The Rio Loco/ Guánica Bay Watershed is located in the southwestern corner of Puerto Rico, approximately 20 miles west of the city of Ponce. Due to human alteration, the watershed area was increased by 50% to approximately 151 square miles. The Río Loco/Guánica Bay Watershed includes the urbanized areas of Yauco, a portion of the Lajas Valley agricultural region, and the upper watershed where coffee farming and subsistence agriculture is practiced on steep often highly erodible slopes. The watershed is one of the major riverine discharge points on the southwest coast. Historically, the area was associated with some of the most extensive and healthy reef complexes in Puerto Rico. Coral reefs have experienced an unprecedented decline over the past 30-40 years in the Caribbean by some estimates have lost greater than 50% of live coral and over 90% of sensitive and federally listed Acropora palmata (elkhorn) and Acropora cervicornus (staghorn) species. Meanwhile studies by scientists in Puerto Rico have suggested that important nutrient and sediment contaminants have increased by 5-10 times pre-colonial levels and several times in the last 40-50 years.

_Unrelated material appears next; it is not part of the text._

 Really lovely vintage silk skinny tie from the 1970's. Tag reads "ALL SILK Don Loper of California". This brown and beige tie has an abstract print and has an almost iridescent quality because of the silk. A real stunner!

Historically urbanization, particularly after 1950, has two primary effects on the near shore coastal system; an increase in population and an increase in impervious cover and generation of stormwater. The increases in impervious cover result in increases in loading of nutrients, bacteria, sediments, Polycyclic Aromatic Hydrocarbons, heavy metals and other pollutants associated with automobiles. The increase in population also results in additional sewage being generated and discharged to the near shore coastal environment.

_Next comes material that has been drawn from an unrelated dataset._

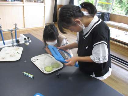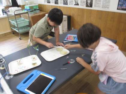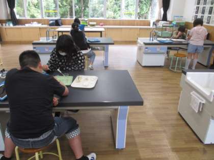 5年生の理科です。ヨウ素液を使って実験を行っています。

Discharge from sewage and septic systems are key sources of contamination in the watershed particularly along the coast. This is especially true in Guánica where much of the infrastructure in the town was built in the early 1900s and both sewer and stormwater conveyed in earthen channels and PVC pipes – and the system is inherently leaky often clogged and almost impossible to track the sources of pollutants through the aging infrastructure. This has resulted in a system where stormwater, wash water and sewage all mix carrying a cocktail of contaminants toward Guánica Bay where they are collected in a large open vault before being pumped several times a day into Guánica Bay.

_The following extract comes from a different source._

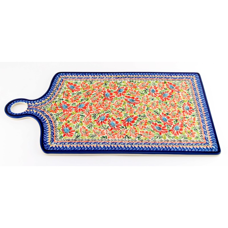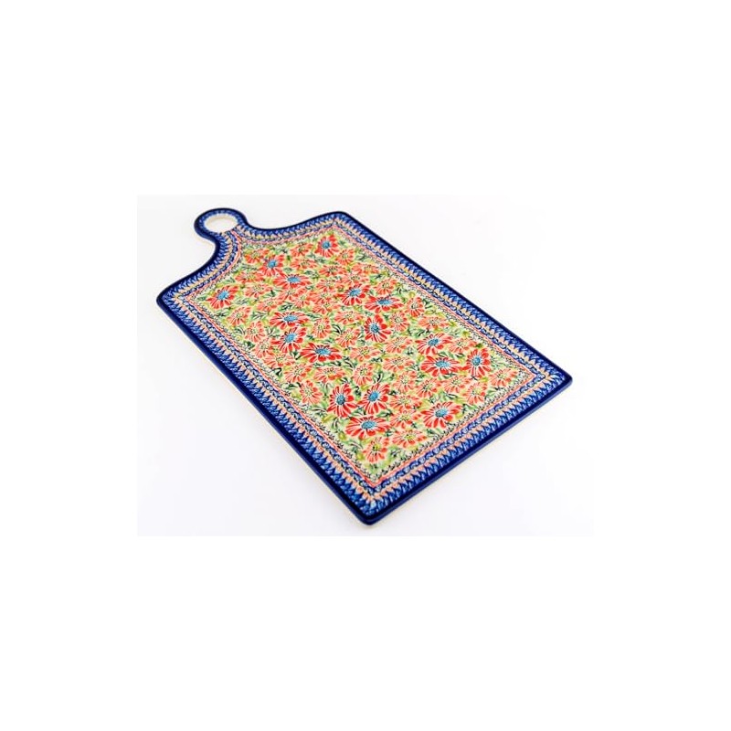 Polish Pottery Market Extra Large Cutting Board From Zaklady Ceramiczne Boleslawiec Unikat Floral Garden Pattern, Dimensions: Length: 16", Width: 10"

In response to these environmental challenges in 2008 the National Atmospheric and Oceanic Administration (NOAA), the Puerto Rico Department of Natural and Environmental Resources through the NOAA Coral Reef Management Fellow in Puerto Rico and in partnership with the Center for Watershed Protection, created Guanica’s first Watershed Management Plan. The primary purpose of this plan was to outline a comprehensive set of actions and an overall management strategy for improving and protecting the Guánica Bay watershed from nonpoint sources of pollution derived from land use alterations, and residential, commercial and agricultural uses. This plan was updated in 2014 by Protectores de Cuencas and our partners.
GUÁNICA LAGOON RESTORATION PROJECT
Considering its ministerial duty, constitutional mandate and responsibilities established by special laws, the Puerto Rico Department of Natural and Environmental Resources (DNER), in collaboration with federal agencies, has analyzed the site and resources of the Guánica Lagoon’s footprint (an area classified as fresh water wetland and shallow coastal lagoon), as well as the adjacent land immediately west of the Lagoon footprint (known as El Anegado – a herbaceous freshwater swamp). This analysis was conducted with the idea of developing a restoration project that is compatible with existing agricultural activities in the Valley and with new activities that can stimulate the regional economy.
The DNER, Protectores de Cuencas and the surrounding communities wish to restore the Guánica Lagoon and highlight its value as a wildlife refuge and ecological resource. According to a feasibility study for the restoration of the historic Guánica Lagoon, the scenario that reconnects the historic Rio Loco watershed and the floodplain with the Guánica Lagoon has the highest benefit to improve the Guánica Bay habitat and water quality. Therefore, this restoration is critical for the future improvement of coral reef ecosystems of Guánica and southwest Puerto Rico.